If I’d been a little less worried about a demon trying to kill me, I might have gone looking for some historical sites of interest, especially the corner of Hradcany Square where the last of the Judic followers of Gilead—the stubborn band that had shown its hand too soon against Merican StratComm’s final wrenching of political power away from Kochba’s old guard—had been mown down by laserifle fire. As it was, scholarship would have to take a back seat to figuring out who the hell was trying to kill me now. On the bright side, I could always come back.

If I survived.

It was obviously night, since the Nichtvren leaned against the wall by the door, his arms folded. He wore the same dusty black sweater and workman’s pants, but a new, shiny pair of boots. “There she is.” He sounded lazily amused, the catshine of a night-hunting predator folding over his eyes. “You look better now, belle morte.”

I heard rain pattering on the sides of the building, stroking the windows behind his words. No thunder, though. The storm had passed.

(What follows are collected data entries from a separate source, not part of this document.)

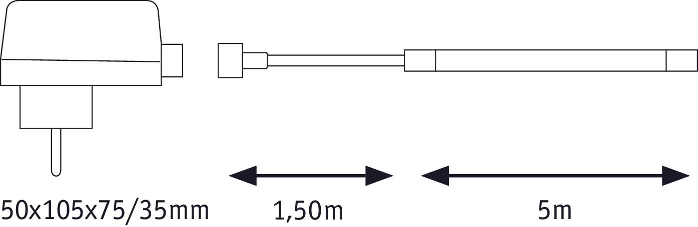 - Transformator - længde 7,5 cm, bredde 5 cm, højde 10,5 cm
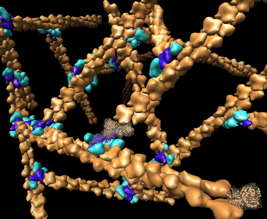 Branching actin filaments. Action monomers in orange. ARP2/3 branching complex in light and dark blue. (monomer PDB 1atn, ARP2/3 PDB 1k8k, filament PDB 1alm). Branching created by computational model, not from experimental data.
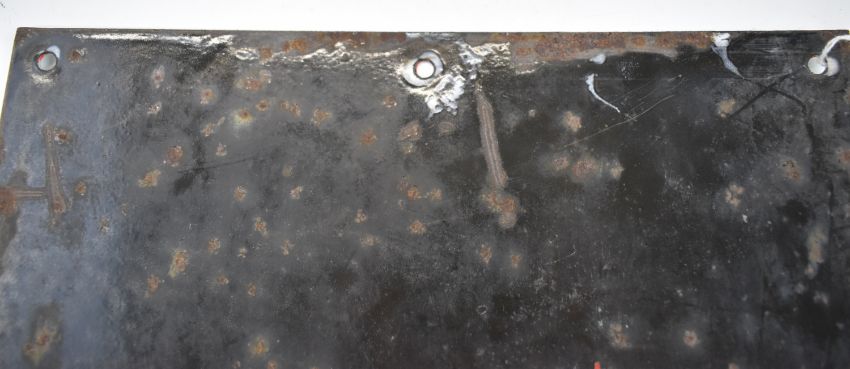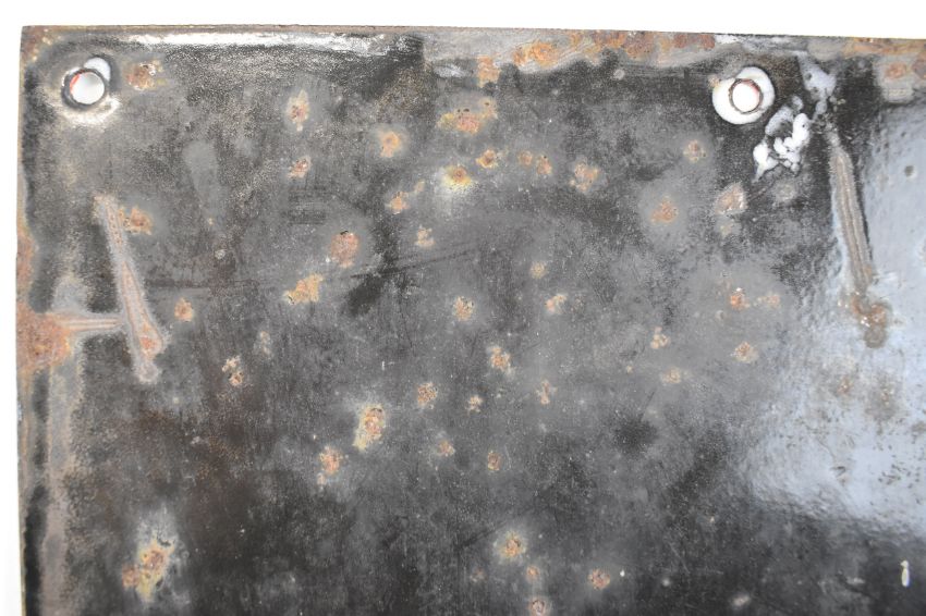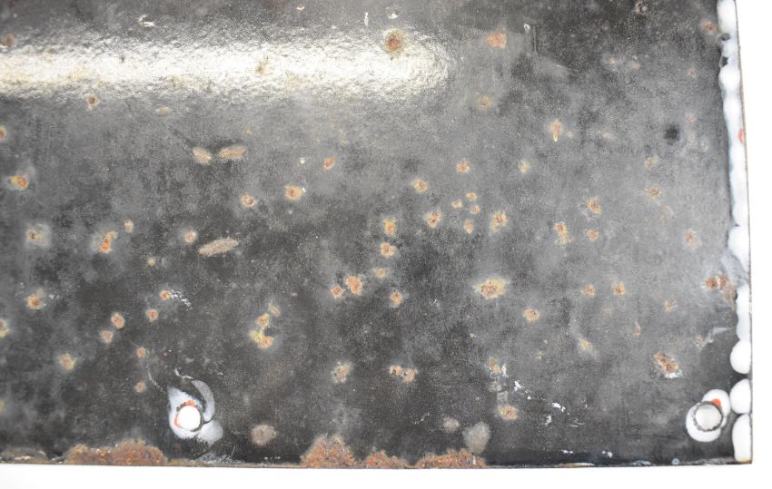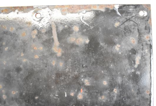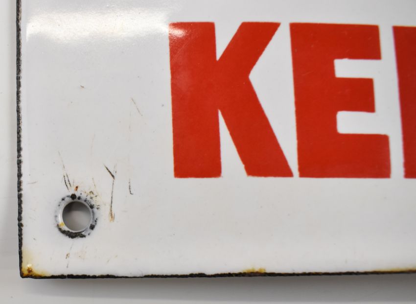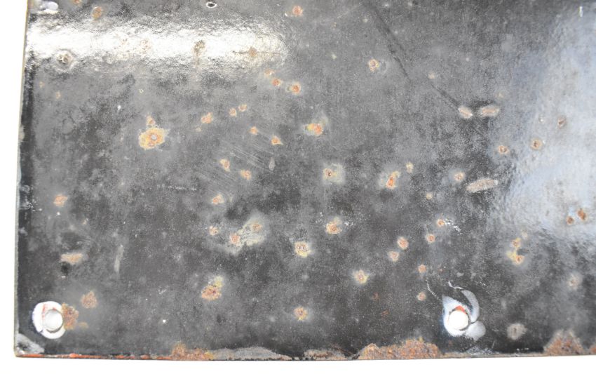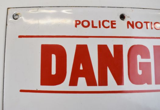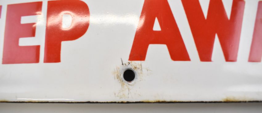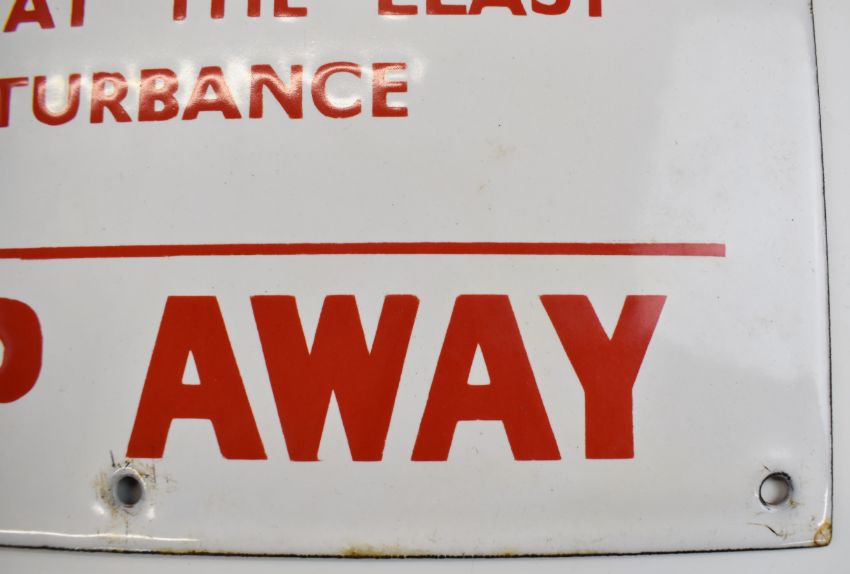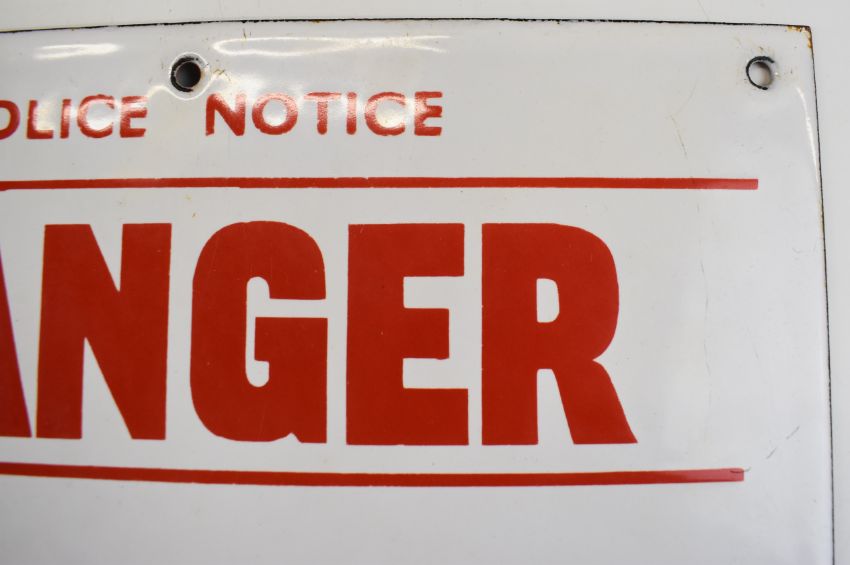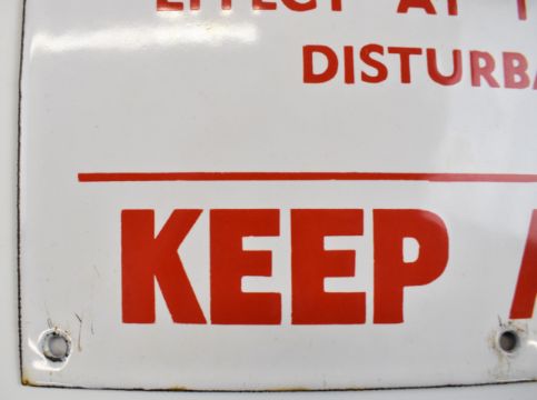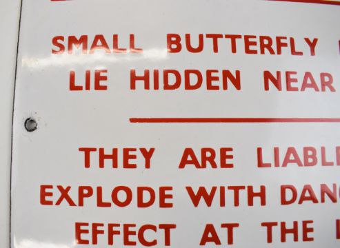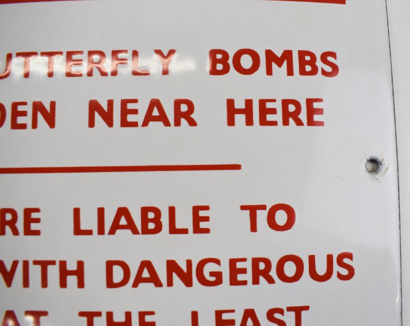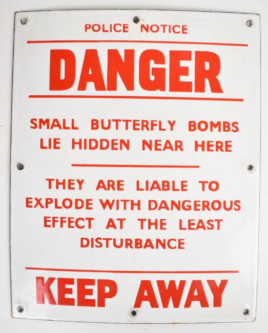 WW2 period enamel sign 'Police Notice - Danger - small butterfly bombs lay hidden near here - they are liable to explode with dangerous effect at the least disturbance - Keep Away', in red lettering on a white background, with eight hanging holes, 38 x 30.5cm
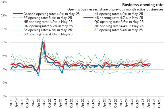 Nova Scotia's business opening rate was 4.7% in May 2025, below the national average of 4.8%. Prince Edward Island and Alberta had the highest business opening rates (5.4%) while Québec had the lowest (3.6%).
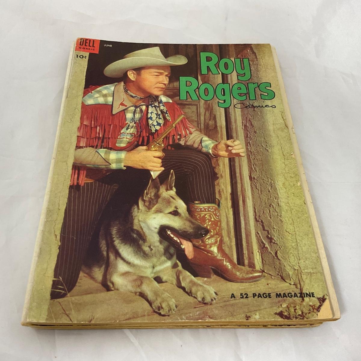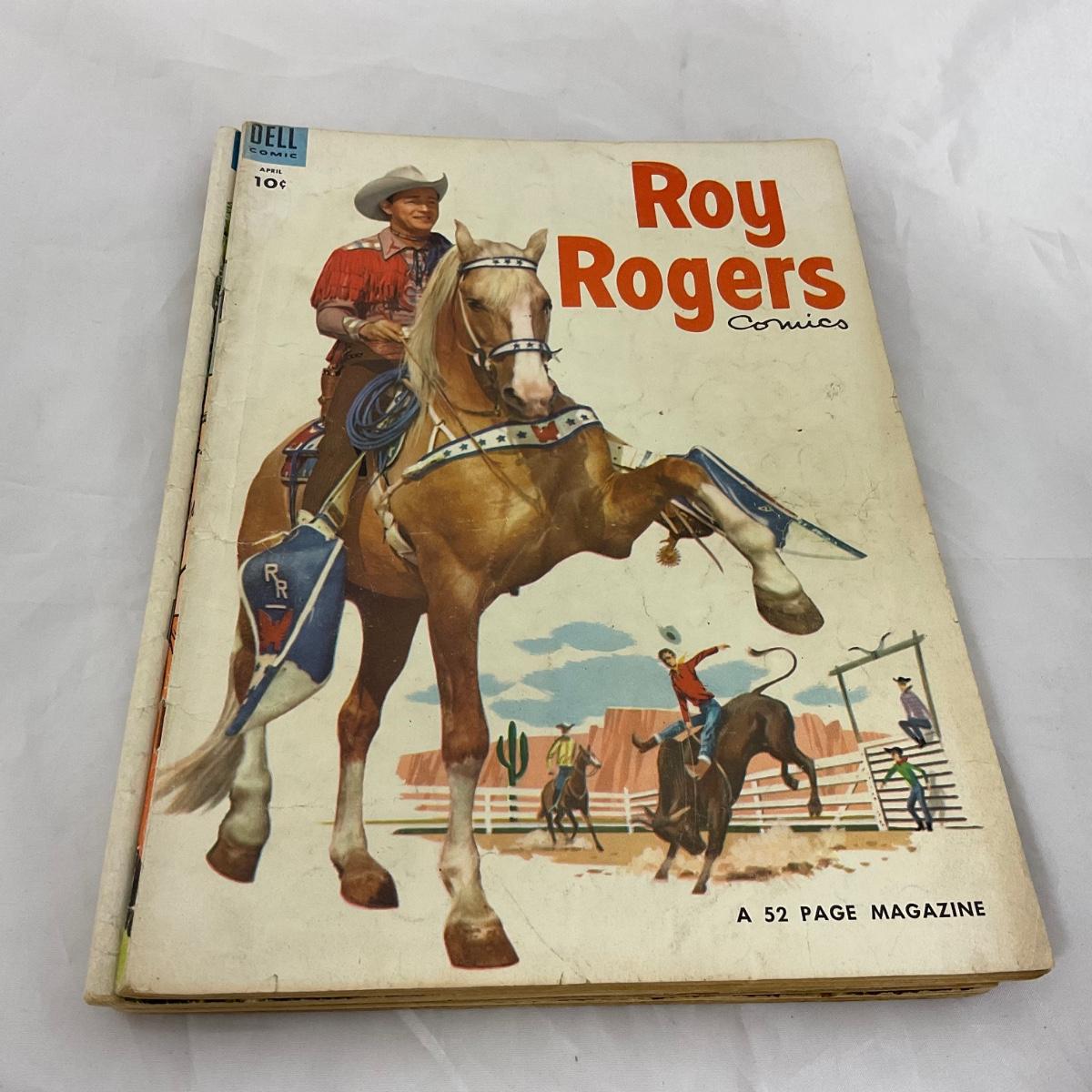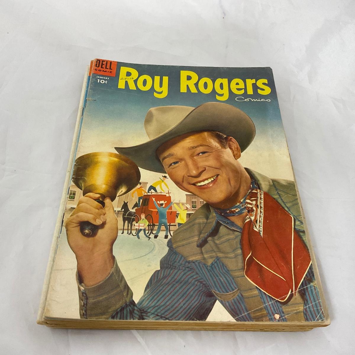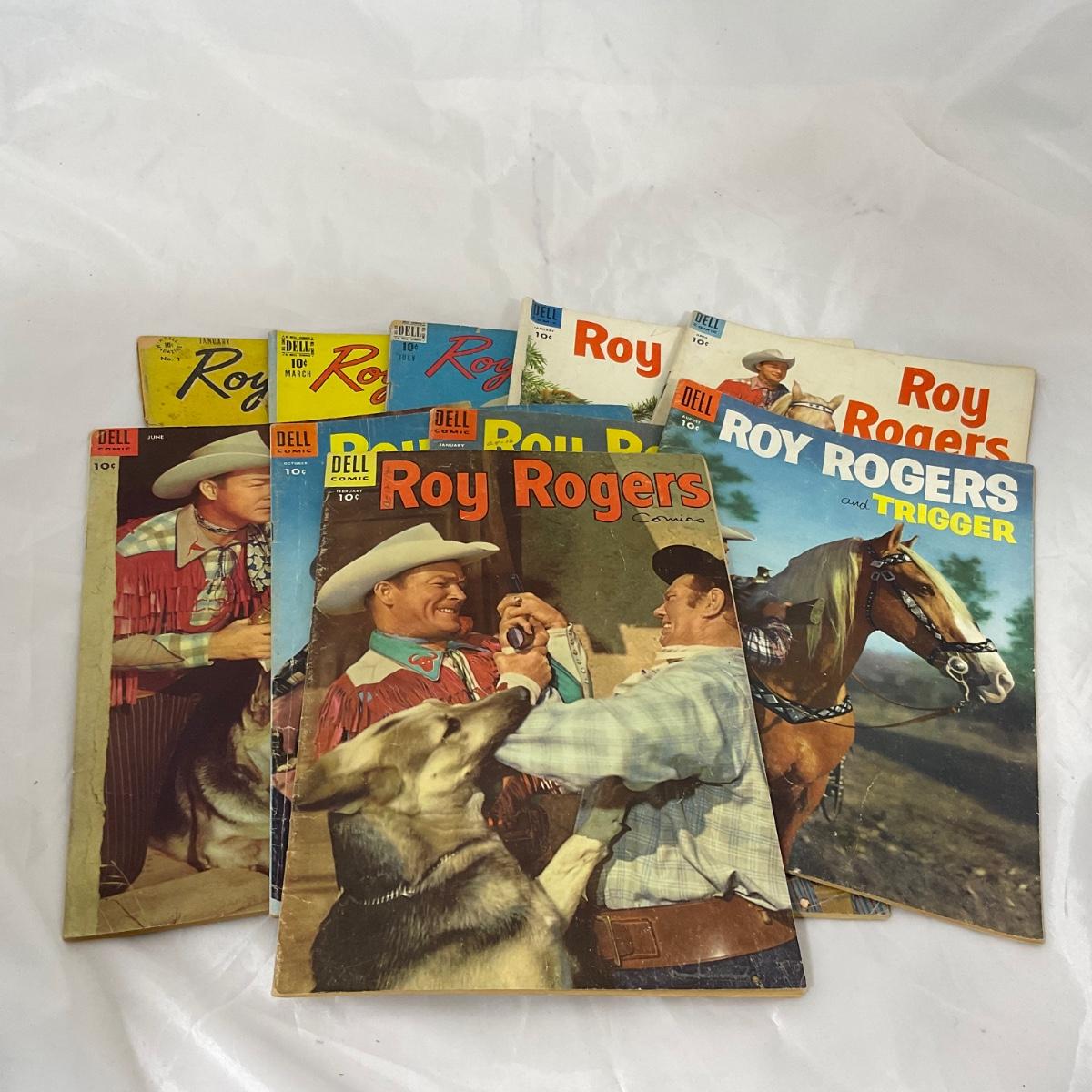 Ten vintage Roy Rogers comics in well loved condition. Please see photos for details and condition. ::: Shipping is available on this lot. If you require shipping you must let us know at the close of the auction. We will coordinate with you after the item has been won. Shipping fees will include insurance up to or exceeding the value of all items being mailed. If you have any questions regarding this lot please contact the auctioneer either via this website, by direct email or by phone. PICK UP TIMES and other important information can be found in the TERMS and DESCRIPTION of the auction. Please take a look for pertinent information. Thanks!

“I should.” I stripped my hair away from my face. I really had to find something to tie it back. “Last time you saw me, I’d just been hit by a hover. Where’s Lucas?” I wanted a little tête-à-tête with him, to touch gravbase and also—more importantly—to ask him what they talked about when I wasn’t in the room.

“Gathering information.” The Nichtvren inclined his head, his gaze flowing slow and gelid over my body. “I would have loved to Turn you, cherie.”